Work order:
From the material below, please set down exactly the lines starting with the one with "O Kit de Tatuagem" and going on through the one with "Elevate your style", without a single picture.

Exercise materials:
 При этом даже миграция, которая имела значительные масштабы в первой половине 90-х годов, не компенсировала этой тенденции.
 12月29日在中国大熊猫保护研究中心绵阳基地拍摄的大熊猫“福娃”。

---

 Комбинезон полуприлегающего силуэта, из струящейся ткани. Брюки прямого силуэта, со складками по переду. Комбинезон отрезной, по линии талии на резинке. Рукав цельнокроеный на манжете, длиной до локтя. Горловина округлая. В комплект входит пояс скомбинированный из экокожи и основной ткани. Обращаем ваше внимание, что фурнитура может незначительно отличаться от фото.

--

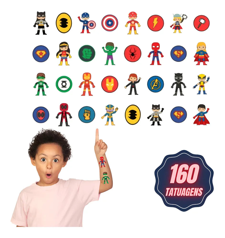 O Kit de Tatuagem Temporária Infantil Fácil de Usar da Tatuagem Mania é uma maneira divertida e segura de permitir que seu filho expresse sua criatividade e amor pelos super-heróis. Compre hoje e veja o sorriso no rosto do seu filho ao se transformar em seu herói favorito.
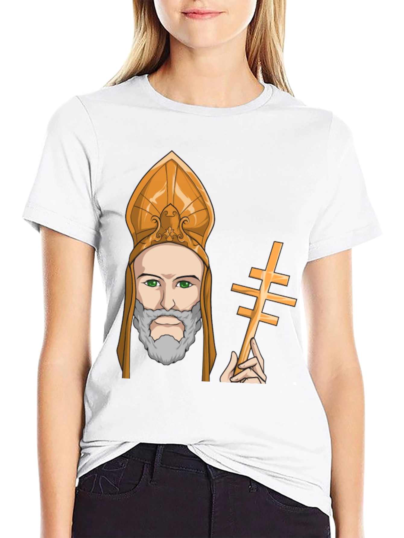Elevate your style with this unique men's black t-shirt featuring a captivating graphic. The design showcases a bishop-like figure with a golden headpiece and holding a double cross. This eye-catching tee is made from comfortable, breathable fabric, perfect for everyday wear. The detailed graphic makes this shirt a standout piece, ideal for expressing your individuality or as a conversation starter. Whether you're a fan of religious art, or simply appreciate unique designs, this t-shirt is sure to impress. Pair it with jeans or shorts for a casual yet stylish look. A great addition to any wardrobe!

Exercise output:
 O Kit de Tatuagem Temporária Infantil Fácil de Usar da Tatuagem Mania é uma maneira divertida e segura de permitir que seu filho expresse sua criatividade e amor pelos super-heróis. Compre hoje e veja o sorriso no rosto do seu filho ao se transformar em seu herói favorito.
Elevate your style with this unique men's black t-shirt featuring a captivating graphic. The design showcases a bishop-like figure with a golden headpiece and holding a double cross. This eye-catching tee is made from comfortable, breathable fabric, perfect for everyday wear. The detailed graphic makes this shirt a standout piece, ideal for expressing your individuality or as a conversation starter. Whether you're a fan of religious art, or simply appreciate unique designs, this t-shirt is sure to impress. Pair it with jeans or shorts for a casual yet stylish look. A great addition to any wardrobe!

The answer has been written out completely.